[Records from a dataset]
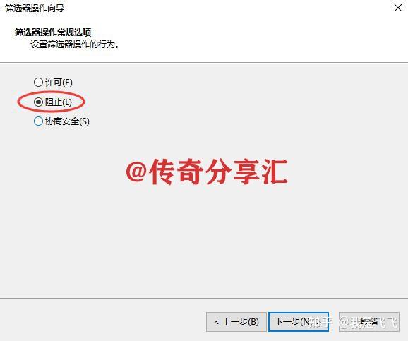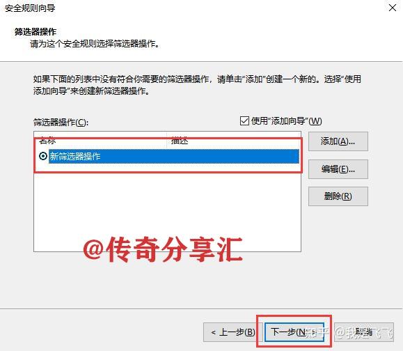 7、在管理篩選器操作選項(xiàng)卡下方找到并點(diǎn)擊添加,在新篩選器操作屬性窗口上方勾選阻止,然后依次點(diǎn)擊確定返回
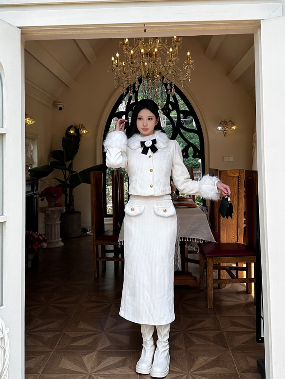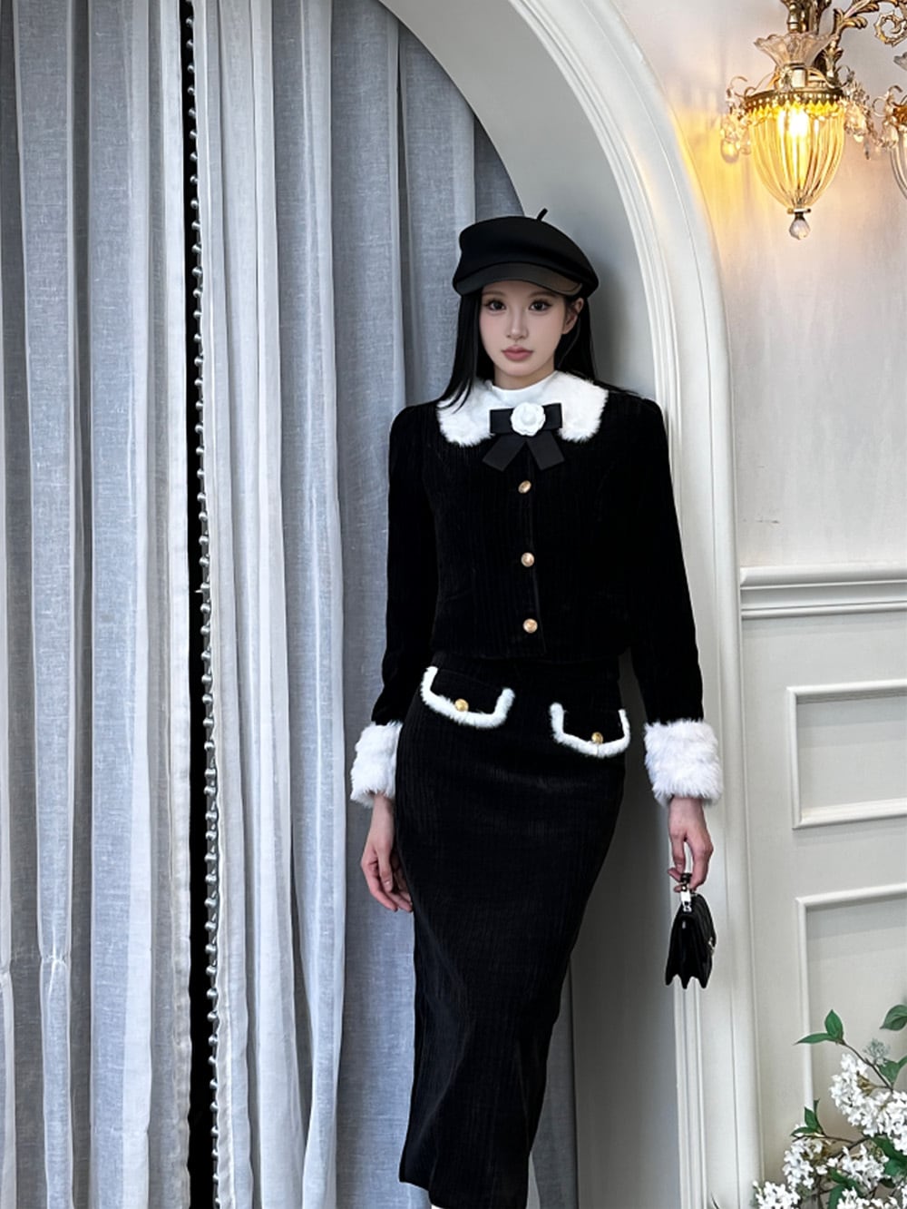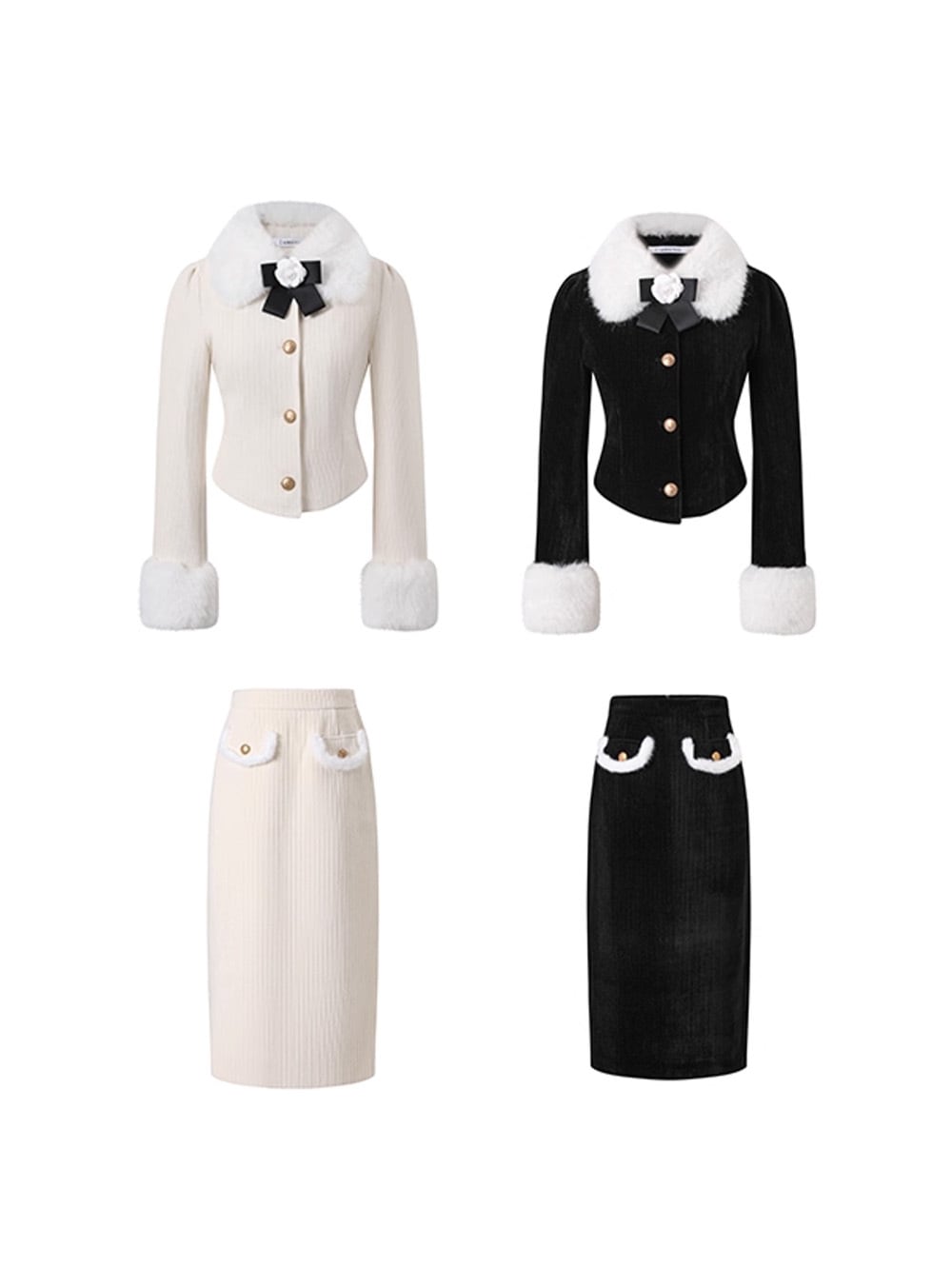 フロントカメリアファージャケット+ファーポケットロングスカートセットアップ|Atelier Item
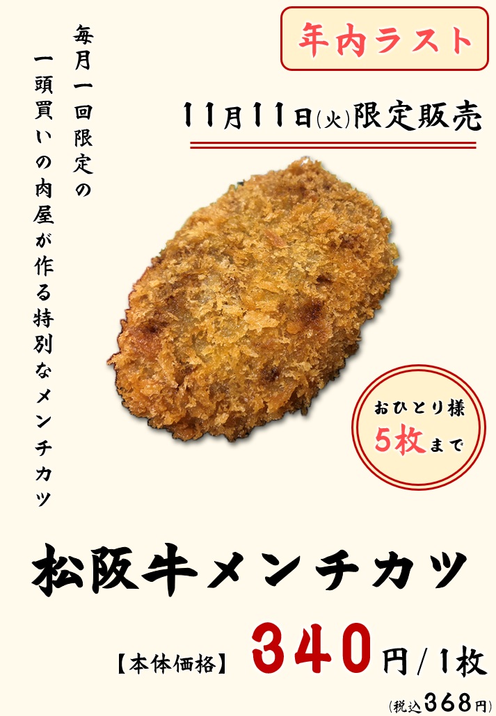 松阪牛メンチカツ【11月11日(火)販売】 投稿日:2025年11月10日(月) いつもミートプラザニシジマにご来店いただき、ありがとうございます。 11月11日(火)松阪牛を使った贅沢なメンチカツを限定販売いたします😊 【限定】松阪牛メンチカツ【本体価格】340円/1枚(税込368円)松阪牛100%の極上メンチカツです!手作りのため製造数量が少なく、お一人様5枚までとさせていただきます🙏ご了承の程宜しくお願い致します。 「BS-TBS サンド伊達のコロッケあがってます」にて、サンドウィッチマンの伊達さんにもお召し上がりいただいた品です! 「ヒルナンデス!」にてご紹介いただいたメンチカツです! スタッフ一同、美味しいお肉をご用意して、ご来店を心よりお待ちしております!
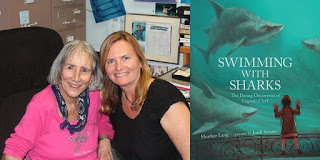 Eugenie was a force of nature and Lang spent time with her when writing her picture book biography, SWIMMING WITH SHARKS. Lang even tried scuba diving during her research.
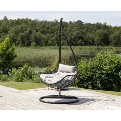 En hängstol med medföljande ställning som utlovar komfort. Här erbjuds mjuka, stoppade gråa dynor i 100% polyester, och slitstark, svart konstrotting.
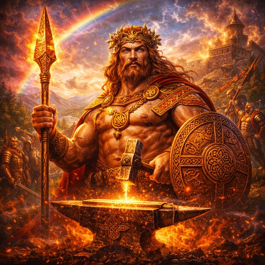 Кто такой Луг? Не просто “бог света”. Не просто “воин с копьём”. Не просто “покровитель ремёсел”. Не просто “герой древних преданий”. Луг — это фигура победной полноты. Образ силы, которая умеет и бить, и создавать, и вести, и превосходить. Его копьё — знак решающего удара. Его многоремесленность — знак высшего мастерства. Его геройский ореол — знак того, что в древнем мире по-настоящему чтили не узкую функцию, а собранное превосходство.

• Task objective:
Exactly the lines above, from the one containing "Eugenie was a" down to the one containing "En hängstol med", are to be repeated, including both ends. Pictures are not part of the copy.

• Exercise output:
 Eugenie was a force of nature and Lang spent time with her when writing her picture book biography, SWIMMING WITH SHARKS. Lang even tried scuba diving during her research.
 En hängstol med medföljande ställning som utlovar komfort. Här erbjuds mjuka, stoppade gråa dynor i 100% polyester, och slitstark, svart konstrotting.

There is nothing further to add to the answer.